Taylor Series: How can I expand this function $\sin (x) e^x$?

Question

I have some doubts about the Taylor series expansion of $\sin x e^x$.

My first attempt resulted in:

$$x+(2x^2/2)+(2x^3/6)-(4x^5/120)$$

If someone could tell me if the Taylor expansion is correct, I would be really grateful.

Answer 1

$f(x)=e^x\sin x$ is the imaginary part of $e^xe^{ix}=e^{(1+i)x}$. Now $$e^{(1+i)x}=\sum_{n=0}^\infty\frac{(1+i)^nx^n}{n!}$$ and so $$f(x)=\sum_{n=0}^\infty a_n\frac{x^n}{n!}$$ where $a_n$ is the imaginary part of $(1+i)^n$. Now $(1+i)^2=2i$ and $(1+i)^4=-4$. Therefore $a_{n+4}=-4a_n$. So $a_{4m}=(-5)^ma_0=0$, $a_{4m+1}=(-4)^ma_1=(-4)^m$, $a_{4m+2}=(-4)^ma_2=2(-4)^m$ and $a_{4m+3}=(-4)^ma_3=2(-4)^m$. Alternatively, $$f(x)=\sum_{n=0}^\infty 2^{n/2}\sin\left(\frac{n\pi}4\right)\frac{x^n}{n!}.$$

Answer 2

HINT: I assume that you are asking for the Taylor series of $f(x):=\sin(x)e^x$ around zero.

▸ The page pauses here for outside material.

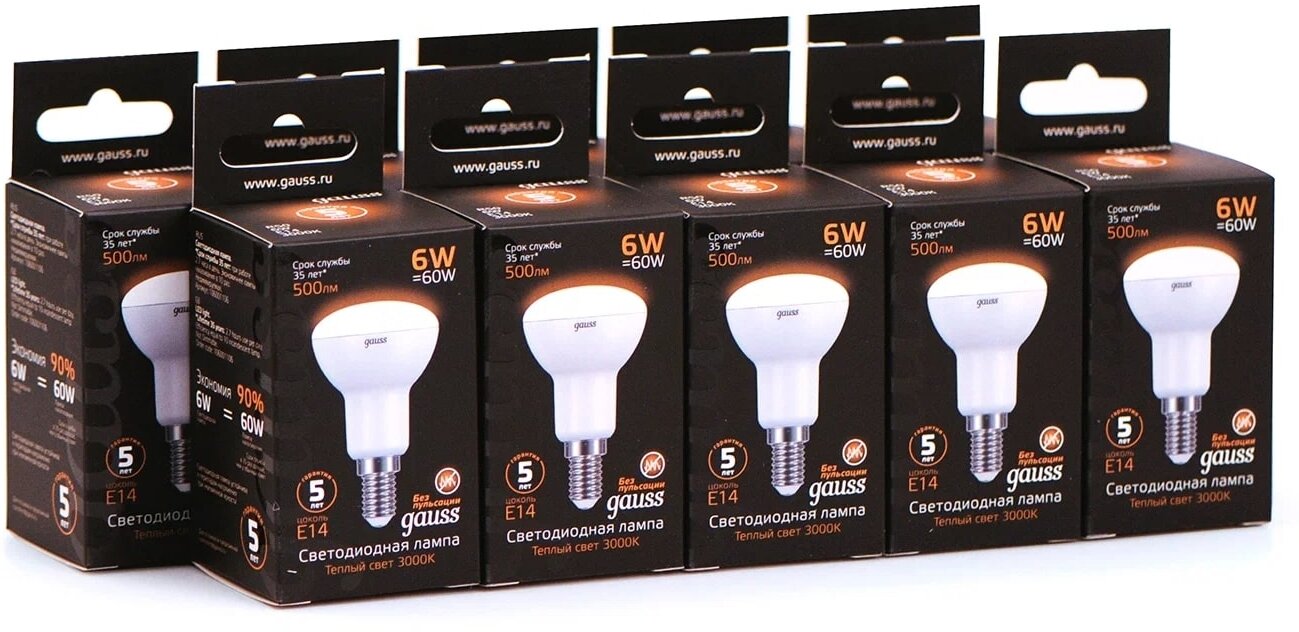 Упаковка ламп LED GAUSS E14, рефлектор, 6Вт, R50, 10 шт. [106001106]

Because $\sin$ and $\exp$ are both analytic functions who Taylor series around zero have infinite radius of convergence then

$$\mathcal T(\sin,0)(x)=\sin(x)=\sum_{k=0}^\infty (-1)^k\frac{x^{2k+1}}{(2k+1)!}\quad\text{and}\quad\mathcal T(e^x,0)=e^x=\sum_{k=0}^\infty\frac{x^k}{k!},\quad x\in\Bbb C$$

$$\mathcal T(f,0)(x)=f(x)=\left(\sum_{k=0}^\infty (-1)^k\frac{x^{2k+1}}{(2k+1)!}\right)\left(\sum_{k=0}^\infty\frac{x^k}{k!}\right)=\sum_{k=0}^\infty a_k x^k,\quad x\in\Bbb C$$

where $a_k:=\sum_{j=0}^kb_jc_{k-j}$ with $$b_j=[x^j]\sum_{k=0}^\infty (-1)^k\frac{x^{2k+1}}{(2k+1)!}\quad\text{ and }\quad c_{k-j}:=[x^{k-j}]\sum_{h=0}^\infty\frac{x^h}{h!}$$

and $\mathcal T(f,a)$ means the Taylor series of $f$ around $a$. That is: if the functions are analytic the Cauchy product of Taylor series (around the same point) with radius of convergence $\rho_1$ and $\rho_2$ is the Taylor series of the product, with radius of convergence $\rho_3\ge\min\{\rho_1,\rho_2\}$.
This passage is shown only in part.